The USD/CNY reference rate was established by PBOC at 7.1048, lower than the previous setting

    by VT Markets
    /
    Oct 10, 2025

    The People’s Bank of China (PBOC) set the USD/CNY central rate at 7.1048 for Friday, shifting slightly from the previous fix of 7.1102. This rate also contrasted with the Reuters estimate of 7.1329.

    The PBOC aims to maintain price stability, including exchange rate stability, while promoting economic growth and financial market development. The institution is owned by the People’s Republic of China, with significant influence from the Chinese Communist Party Committee Secretary.

    Monetary Policy Tools

    China’s central bank employs varied monetary policy tools, including the seven-day Reverse Repo Rate and the Loan Prime Rate, impacting loan and savings interest rates. This rate adjustment can also sway the exchange rate of the Chinese Renminbi.

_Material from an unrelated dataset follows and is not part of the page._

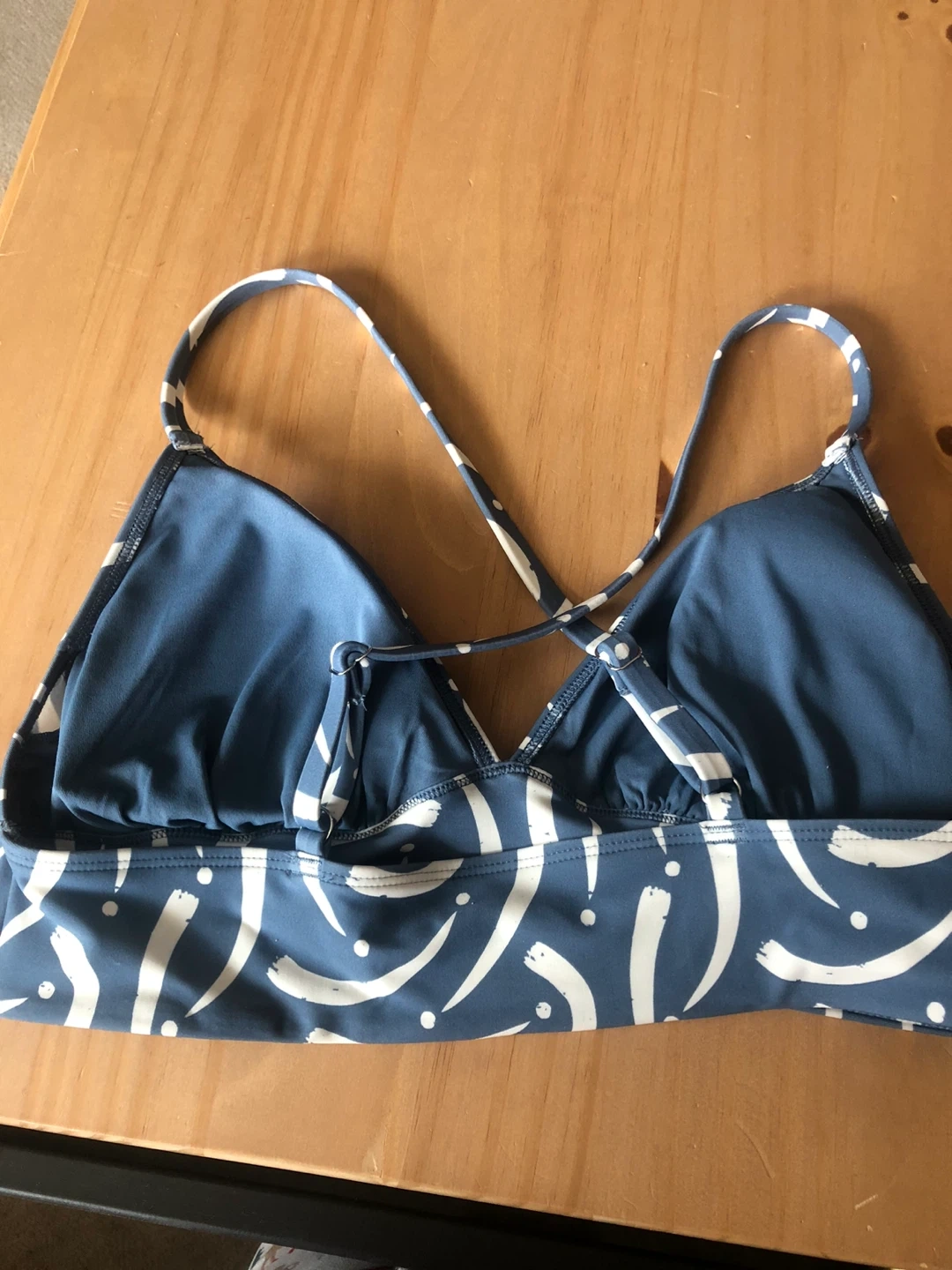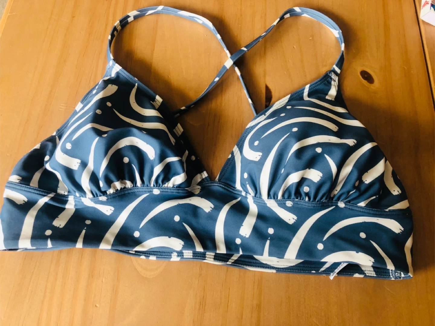 ✨🎉ONLY $5!!!🌊🪸🎊 NEW Blue bikini top with white abstract pattern. ( was washed and NEVER EVEN WORN!)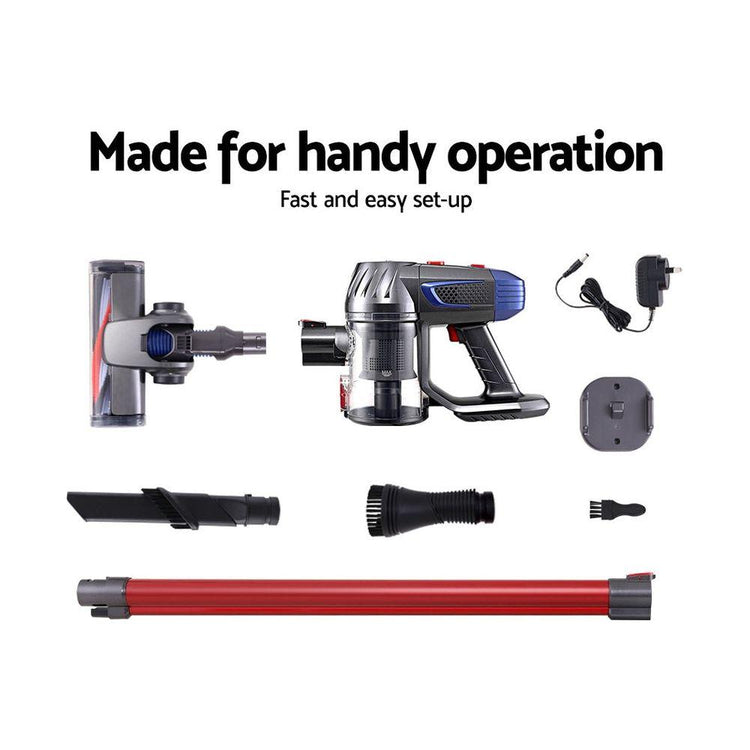 Our Devanti Handstick Vacuum Cleaner gives you the freedom to use it in any tight space or where spot cleaning needs to be done without lugging a big machine behind. Its powerful 150W 30000rpm motorised head has a steady suction power of up to 10000Pa and comes with two-speed suction for more vacuuming options. The 160° swivelling head can also be fitted with brush or crevice nozzles for different types of surface and zone cleaning that allows it to pick up dirt and debris easily. That makes the vacuum ideal for cleaning carpets, curtains, shelves, soft furnishings, vehicle interiors and delicate objects as well as vacuuming ceiling, corners, niches and gaps. The one-handed design is lightweight and bagless. All collected dirt and debris pass through a washable and reusable HEPA filter that eliminates up to 99.97% of dust and allergens. Not least, the vacuum cleaner can work its magic for up to 35 minutes of continuous running time on low speed (25 minutes on high speed) with the rechargeable 2000mAh lithium-ion battery.

    China allows 19 private banks to operate within the state-driven financial sector. Among the largest are digital lenders WeBank and MYbank, linked to tech giants Tencent and Ant Group.

    Various market analyses noted the movements of different currencies, commodities, and cryptocurrencies, with USD, GBP, and gold appearing prominently. Concerns about ongoing US tariffs and their persistent role in foreign policy were also noted.

    The People’s Bank of China has set a strong fix for the yuan, signaling its intention to prevent further weakness against a dominant US dollar. This move today, October 10, 2025, is a clear sign that policymakers are actively managing the currency’s value. We see this as an attempt to put a floor under the yuan for the near future.

    Global Market Influence

    This action comes as recent data showed some softness in the Chinese economy, with September’s industrial production growth of 4.1% year-over-year just missing market expectations. Looking back at the pattern we saw throughout 2024, the PBOC often uses these strong fixes to boost confidence and deter speculative bets against its currency during periods of uncertainty. This is a deliberate move to project stability.

    The challenge is that this policy clashes with the broader market trend of a powerful US dollar. The dollar’s strength is fueled by expectations that the Federal Reserve will maintain high interest rates, with US 10-year Treasury yields currently holding firm near 4.8%. This creates a tension between a hawkish Fed and a stability-focused PBOC.

    For traders, this suggests the upward momentum in the USD/CNY pair may be limited in the coming weeks. We should consider strategies that bet on a range-bound currency, such as selling out-of-the-money call options on USD/CNH. The conflicting forces could also increase short-term volatility, making options that profit from price swings attractive.

    We should also look at currencies linked to China’s economic health, like the Australian dollar. A stable yuan is typically supportive for the AUD, so buying call options on the AUD/USD could be a good proxy trade. This allows for a position on Chinese stability without dealing with the direct interventions in the yuan market.

    However, the fact that Gold is trading just below its recent record highs near $4,000 tells us that significant global risk aversion remains. The PBOC’s actions may stabilize one part of the market, but the broader anxiety driven by US policy and geopolitical tensions has not gone away. Any bullish positions should therefore be managed carefully.